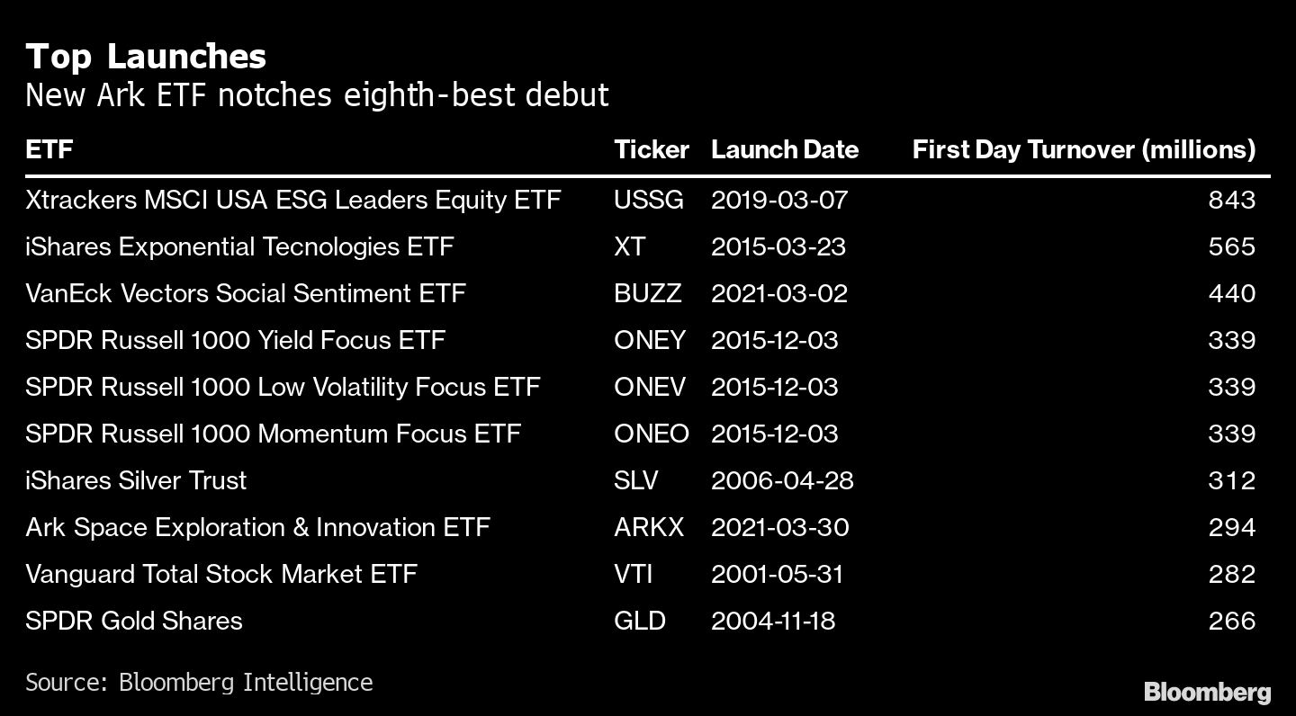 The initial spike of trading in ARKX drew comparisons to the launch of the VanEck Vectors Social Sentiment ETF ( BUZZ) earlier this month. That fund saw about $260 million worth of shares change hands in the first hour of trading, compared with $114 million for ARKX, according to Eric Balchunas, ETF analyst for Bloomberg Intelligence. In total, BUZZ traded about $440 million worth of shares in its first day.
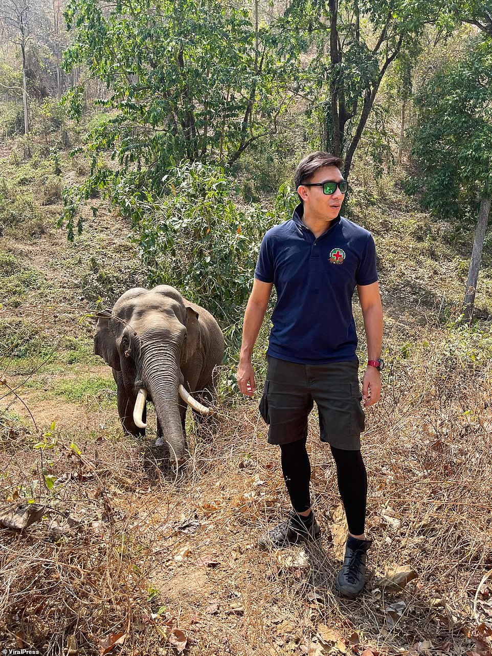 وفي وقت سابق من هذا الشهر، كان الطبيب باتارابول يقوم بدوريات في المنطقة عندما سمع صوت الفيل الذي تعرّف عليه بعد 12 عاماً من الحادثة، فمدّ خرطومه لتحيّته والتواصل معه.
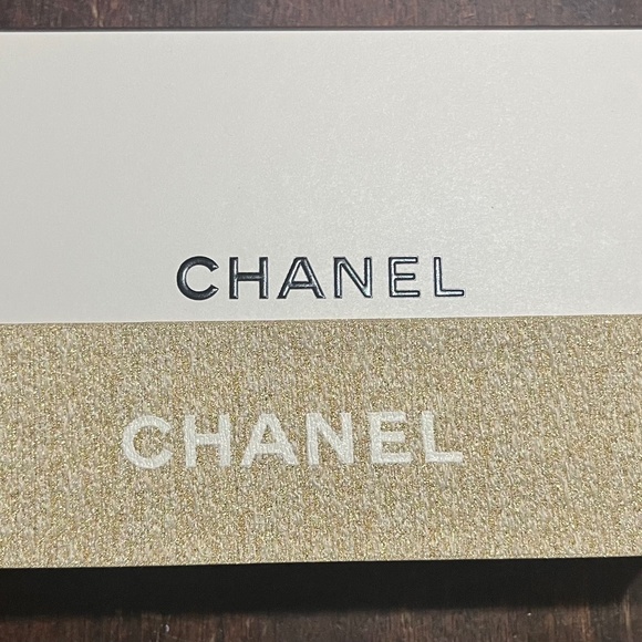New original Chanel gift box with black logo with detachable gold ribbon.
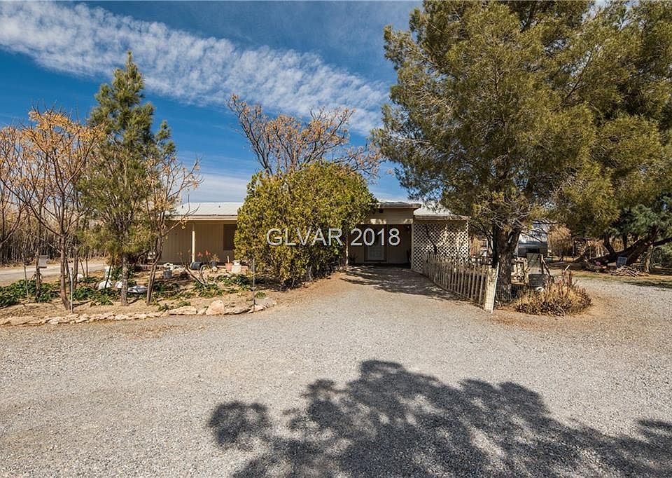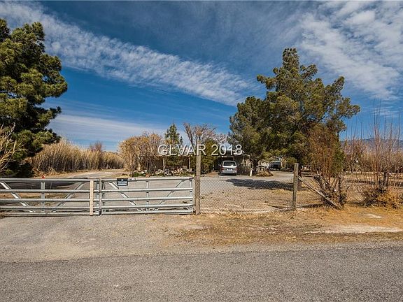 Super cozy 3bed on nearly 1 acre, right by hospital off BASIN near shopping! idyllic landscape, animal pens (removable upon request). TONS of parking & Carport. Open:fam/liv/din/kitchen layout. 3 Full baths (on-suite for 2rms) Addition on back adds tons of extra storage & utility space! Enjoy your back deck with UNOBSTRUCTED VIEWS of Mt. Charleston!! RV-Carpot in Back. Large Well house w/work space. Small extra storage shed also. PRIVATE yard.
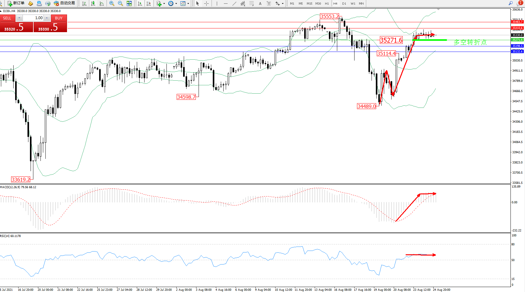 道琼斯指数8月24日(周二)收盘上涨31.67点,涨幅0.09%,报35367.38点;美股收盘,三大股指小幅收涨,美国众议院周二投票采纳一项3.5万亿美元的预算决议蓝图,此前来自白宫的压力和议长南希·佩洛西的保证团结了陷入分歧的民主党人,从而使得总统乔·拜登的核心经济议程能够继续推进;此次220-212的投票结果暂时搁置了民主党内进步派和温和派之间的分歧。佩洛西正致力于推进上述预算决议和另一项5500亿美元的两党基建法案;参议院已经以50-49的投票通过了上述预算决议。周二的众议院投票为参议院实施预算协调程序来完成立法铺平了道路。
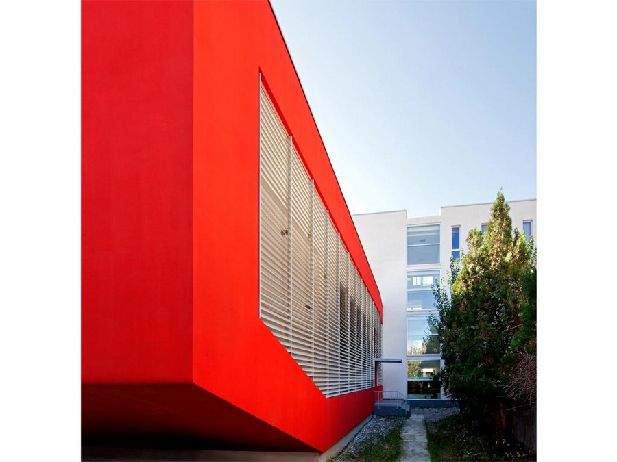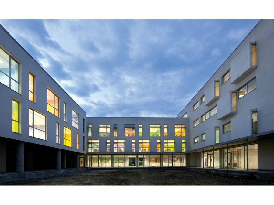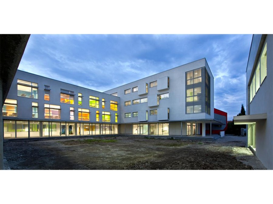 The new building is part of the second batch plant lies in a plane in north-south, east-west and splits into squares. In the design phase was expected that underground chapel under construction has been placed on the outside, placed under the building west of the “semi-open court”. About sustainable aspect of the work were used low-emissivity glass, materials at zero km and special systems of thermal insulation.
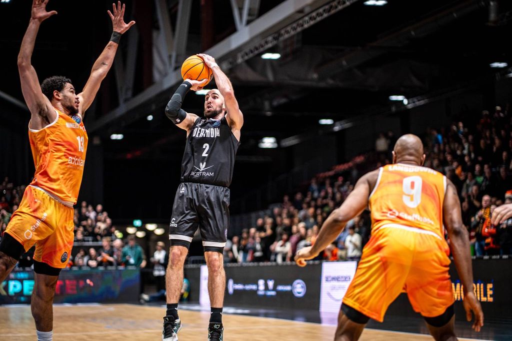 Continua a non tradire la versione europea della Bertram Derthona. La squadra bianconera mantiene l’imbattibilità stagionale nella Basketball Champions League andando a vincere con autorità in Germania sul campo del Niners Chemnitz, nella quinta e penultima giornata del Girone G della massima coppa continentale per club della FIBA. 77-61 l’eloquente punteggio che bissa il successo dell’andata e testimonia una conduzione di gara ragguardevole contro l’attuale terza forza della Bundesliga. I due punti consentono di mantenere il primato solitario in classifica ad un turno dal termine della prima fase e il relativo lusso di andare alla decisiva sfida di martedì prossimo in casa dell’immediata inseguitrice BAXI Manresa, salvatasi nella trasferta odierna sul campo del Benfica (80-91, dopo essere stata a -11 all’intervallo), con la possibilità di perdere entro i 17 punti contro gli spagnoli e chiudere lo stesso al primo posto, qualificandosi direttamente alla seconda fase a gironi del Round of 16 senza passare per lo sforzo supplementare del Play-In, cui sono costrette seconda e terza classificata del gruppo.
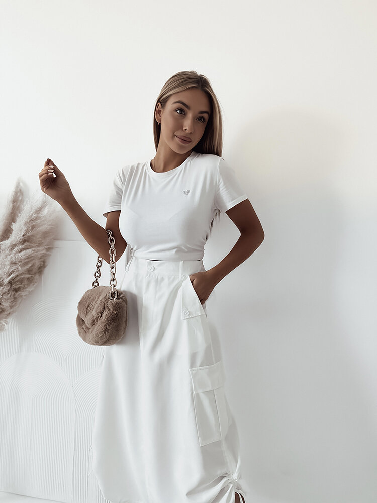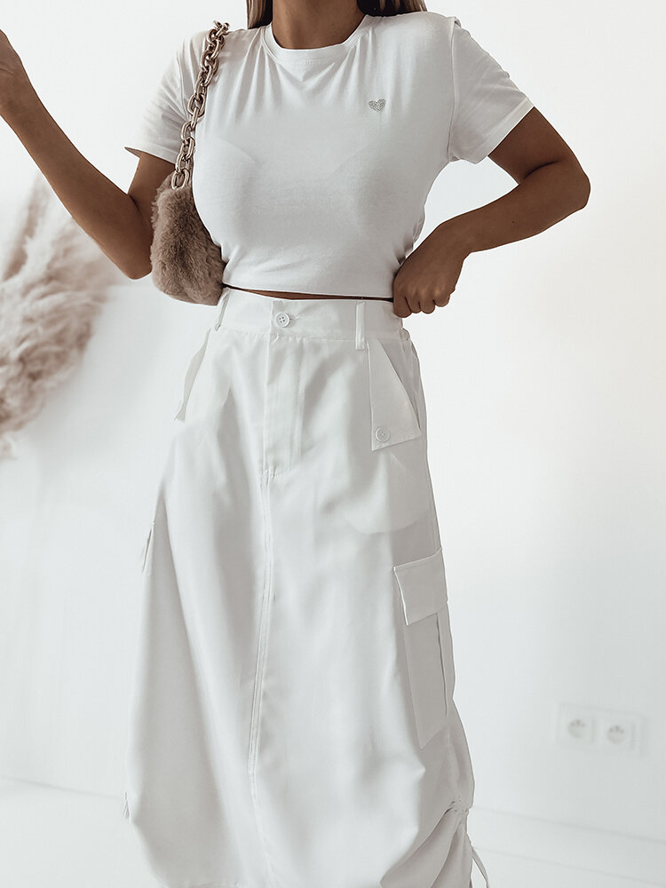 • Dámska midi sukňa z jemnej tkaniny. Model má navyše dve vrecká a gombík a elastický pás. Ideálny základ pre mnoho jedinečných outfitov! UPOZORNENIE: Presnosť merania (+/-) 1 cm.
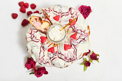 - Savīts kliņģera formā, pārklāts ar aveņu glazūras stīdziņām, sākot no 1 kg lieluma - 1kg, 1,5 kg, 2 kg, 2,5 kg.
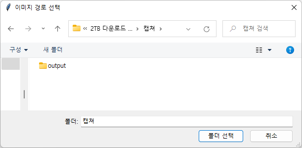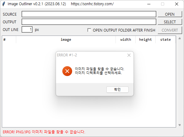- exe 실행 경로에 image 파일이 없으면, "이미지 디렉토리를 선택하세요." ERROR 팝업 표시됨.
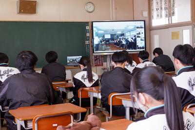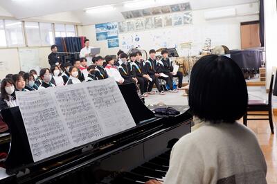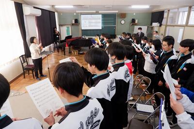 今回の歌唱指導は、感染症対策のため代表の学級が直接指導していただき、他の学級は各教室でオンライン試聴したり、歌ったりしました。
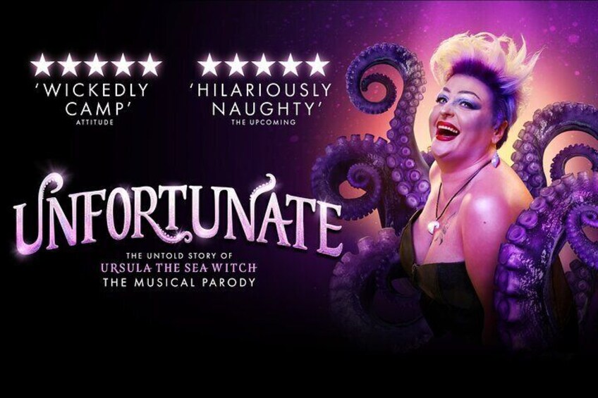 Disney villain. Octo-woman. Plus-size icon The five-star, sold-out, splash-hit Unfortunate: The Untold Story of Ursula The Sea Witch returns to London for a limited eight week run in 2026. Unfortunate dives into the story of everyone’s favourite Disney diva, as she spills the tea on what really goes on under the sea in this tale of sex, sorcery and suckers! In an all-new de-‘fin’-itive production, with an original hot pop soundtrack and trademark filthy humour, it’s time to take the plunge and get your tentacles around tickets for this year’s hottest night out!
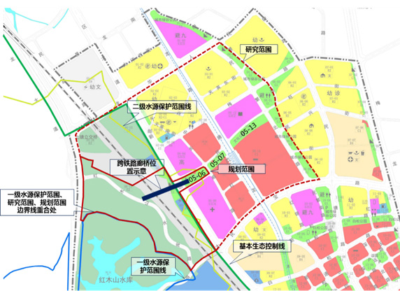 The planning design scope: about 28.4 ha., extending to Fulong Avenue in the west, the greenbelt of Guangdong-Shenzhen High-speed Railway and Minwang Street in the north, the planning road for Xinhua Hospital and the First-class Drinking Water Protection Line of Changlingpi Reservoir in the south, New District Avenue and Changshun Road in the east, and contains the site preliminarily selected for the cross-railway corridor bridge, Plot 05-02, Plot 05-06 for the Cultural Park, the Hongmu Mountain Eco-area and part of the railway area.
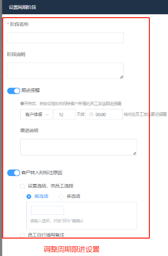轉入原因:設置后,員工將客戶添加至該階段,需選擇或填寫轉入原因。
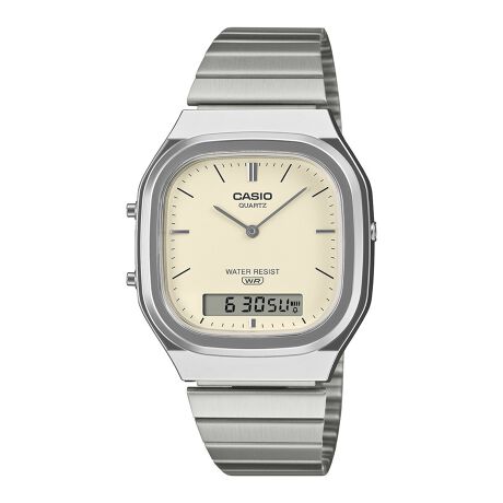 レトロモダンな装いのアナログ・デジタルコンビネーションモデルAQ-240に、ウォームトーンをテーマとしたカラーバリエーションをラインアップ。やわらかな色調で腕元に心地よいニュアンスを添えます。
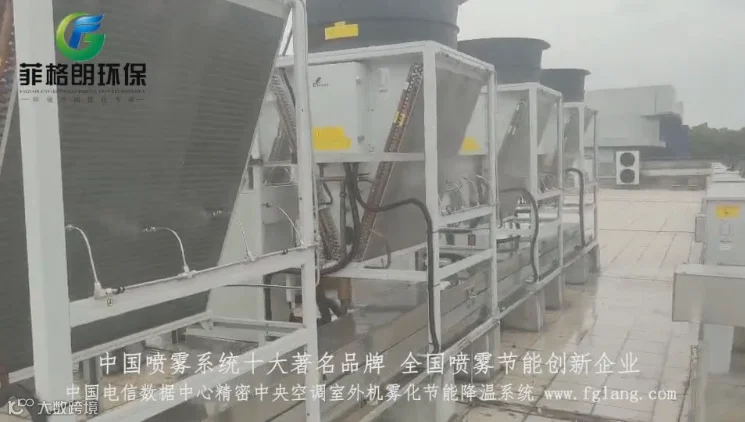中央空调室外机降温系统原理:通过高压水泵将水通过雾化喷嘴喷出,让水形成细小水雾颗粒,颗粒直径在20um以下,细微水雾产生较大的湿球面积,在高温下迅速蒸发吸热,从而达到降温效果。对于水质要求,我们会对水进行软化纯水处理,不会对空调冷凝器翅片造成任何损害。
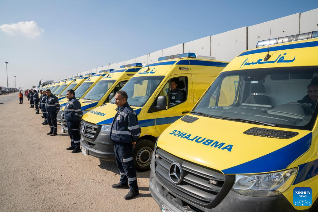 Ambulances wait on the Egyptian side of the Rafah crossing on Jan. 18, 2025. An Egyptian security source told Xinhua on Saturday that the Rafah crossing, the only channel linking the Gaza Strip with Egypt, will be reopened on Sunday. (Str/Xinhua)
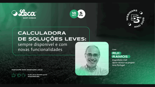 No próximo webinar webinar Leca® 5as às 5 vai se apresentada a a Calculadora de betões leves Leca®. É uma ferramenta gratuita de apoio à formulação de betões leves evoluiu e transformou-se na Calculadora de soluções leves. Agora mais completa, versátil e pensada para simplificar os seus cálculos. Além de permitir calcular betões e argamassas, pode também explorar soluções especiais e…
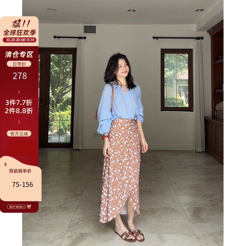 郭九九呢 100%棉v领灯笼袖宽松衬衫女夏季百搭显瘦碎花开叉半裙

☆ ☆ ☆ ☆ ☆ ☆ ☆

TASK BRIEF -
Print from the line containing "- exe 실행 경로에" through the line containing "今回の歌唱指導は、感染症対策" in the data above, exactly as the lines stand, and omit every picture.

EXERCISE ANSWER -
- exe 실행 경로에 image 파일이 없으면, "이미지 디렉토리를 선택하세요." ERROR 팝업 표시됨.
 今回の歌唱指導は、感染症対策のため代表の学級が直接指導していただき、他の学級は各教室でオンライン試聴したり、歌ったりしました。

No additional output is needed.